--- THE RECORDS Enclosed Below ---
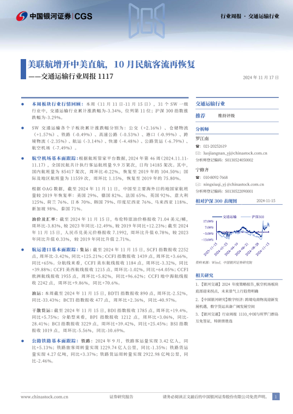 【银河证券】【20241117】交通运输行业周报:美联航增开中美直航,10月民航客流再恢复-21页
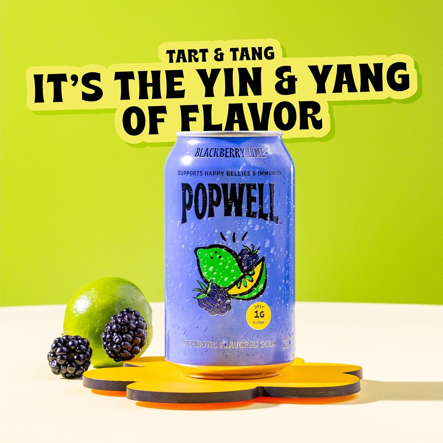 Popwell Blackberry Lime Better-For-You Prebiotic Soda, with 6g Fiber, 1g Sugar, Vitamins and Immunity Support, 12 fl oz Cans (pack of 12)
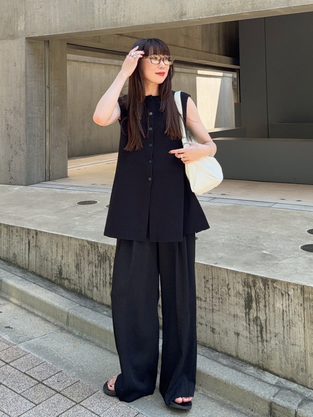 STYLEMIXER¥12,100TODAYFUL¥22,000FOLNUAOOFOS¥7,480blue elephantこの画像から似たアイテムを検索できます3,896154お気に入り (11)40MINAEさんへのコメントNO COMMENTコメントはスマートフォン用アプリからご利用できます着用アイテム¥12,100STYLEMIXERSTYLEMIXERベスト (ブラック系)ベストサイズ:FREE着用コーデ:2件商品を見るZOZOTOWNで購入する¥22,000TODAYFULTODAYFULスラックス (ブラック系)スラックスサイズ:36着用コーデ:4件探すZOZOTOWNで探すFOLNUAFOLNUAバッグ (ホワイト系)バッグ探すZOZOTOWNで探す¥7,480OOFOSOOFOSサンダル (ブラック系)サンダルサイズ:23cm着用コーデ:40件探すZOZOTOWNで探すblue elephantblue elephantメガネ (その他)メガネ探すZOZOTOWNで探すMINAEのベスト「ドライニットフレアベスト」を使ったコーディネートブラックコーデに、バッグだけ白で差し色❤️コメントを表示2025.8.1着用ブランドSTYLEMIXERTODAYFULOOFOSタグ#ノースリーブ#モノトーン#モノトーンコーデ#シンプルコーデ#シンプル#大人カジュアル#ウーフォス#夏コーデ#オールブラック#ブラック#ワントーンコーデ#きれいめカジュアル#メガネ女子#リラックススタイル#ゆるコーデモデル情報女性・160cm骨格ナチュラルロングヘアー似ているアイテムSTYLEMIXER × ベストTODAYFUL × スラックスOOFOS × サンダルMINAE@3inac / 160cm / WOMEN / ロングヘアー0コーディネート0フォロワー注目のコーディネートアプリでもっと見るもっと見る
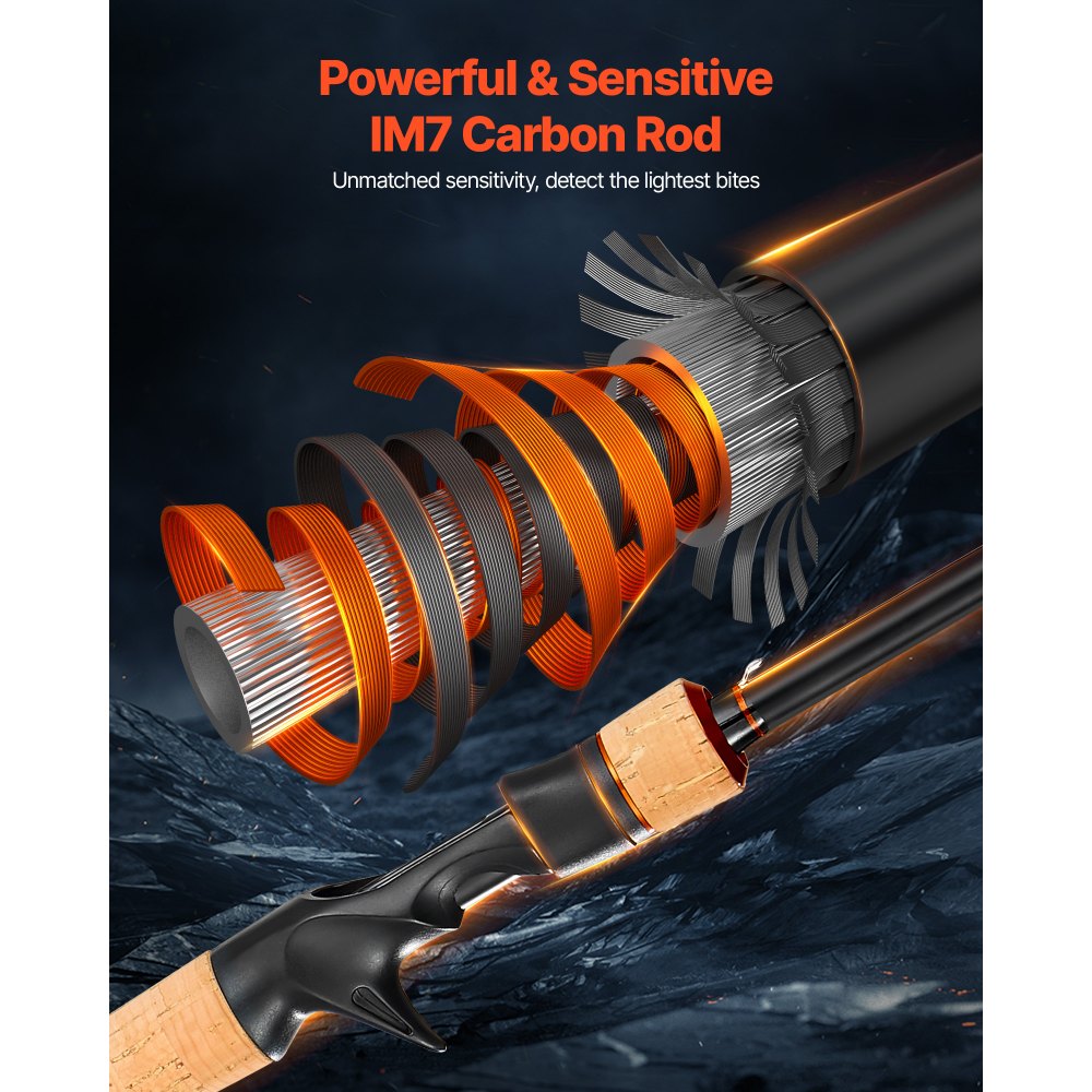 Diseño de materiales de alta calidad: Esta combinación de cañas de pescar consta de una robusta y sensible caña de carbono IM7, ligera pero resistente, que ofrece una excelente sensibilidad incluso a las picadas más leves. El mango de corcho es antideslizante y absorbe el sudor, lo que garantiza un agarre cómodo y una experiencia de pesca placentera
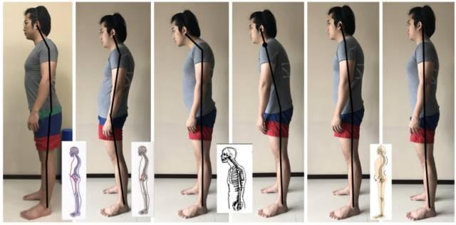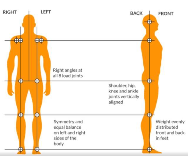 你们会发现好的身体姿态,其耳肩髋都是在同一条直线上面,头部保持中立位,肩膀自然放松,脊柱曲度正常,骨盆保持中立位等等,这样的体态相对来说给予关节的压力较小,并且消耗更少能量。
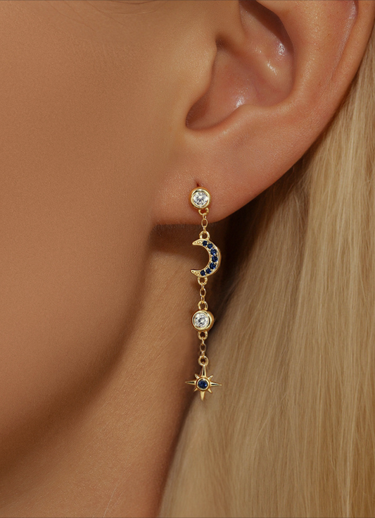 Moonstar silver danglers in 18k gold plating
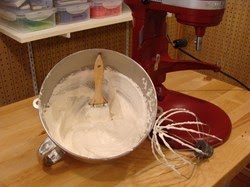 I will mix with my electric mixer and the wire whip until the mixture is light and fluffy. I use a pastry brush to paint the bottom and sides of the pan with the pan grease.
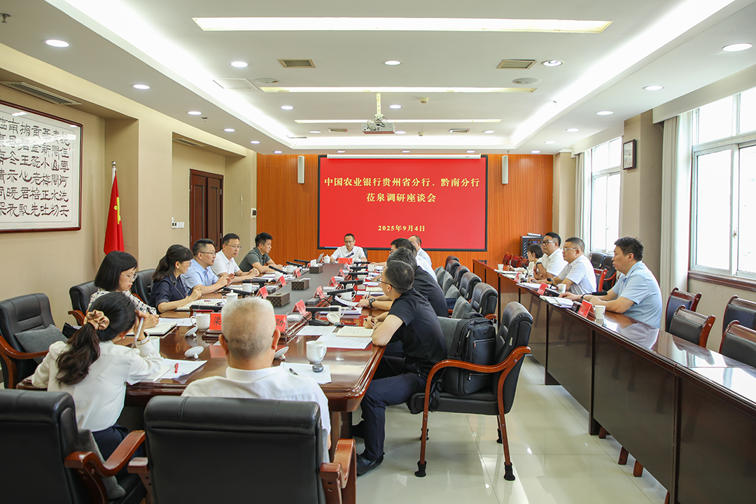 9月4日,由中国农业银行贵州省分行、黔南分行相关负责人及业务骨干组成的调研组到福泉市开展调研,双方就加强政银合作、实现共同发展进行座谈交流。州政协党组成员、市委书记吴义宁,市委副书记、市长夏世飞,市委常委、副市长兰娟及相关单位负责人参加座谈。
--- End of Enclosed THE RECORDS ---
- [REQUIREMENT] What is needed is the exact run of lines from the start of the data through the line with "Popwell Blackberry Lime", both ends included, minus the pictures.

- [EXERCISE ANSWER]
 【银河证券】【20241117】交通运输行业周报:美联航增开中美直航,10月民航客流再恢复-21页
 Popwell Blackberry Lime Better-For-You Prebiotic Soda, with 6g Fiber, 1g Sugar, Vitamins and Immunity Support, 12 fl oz Cans (pack of 12)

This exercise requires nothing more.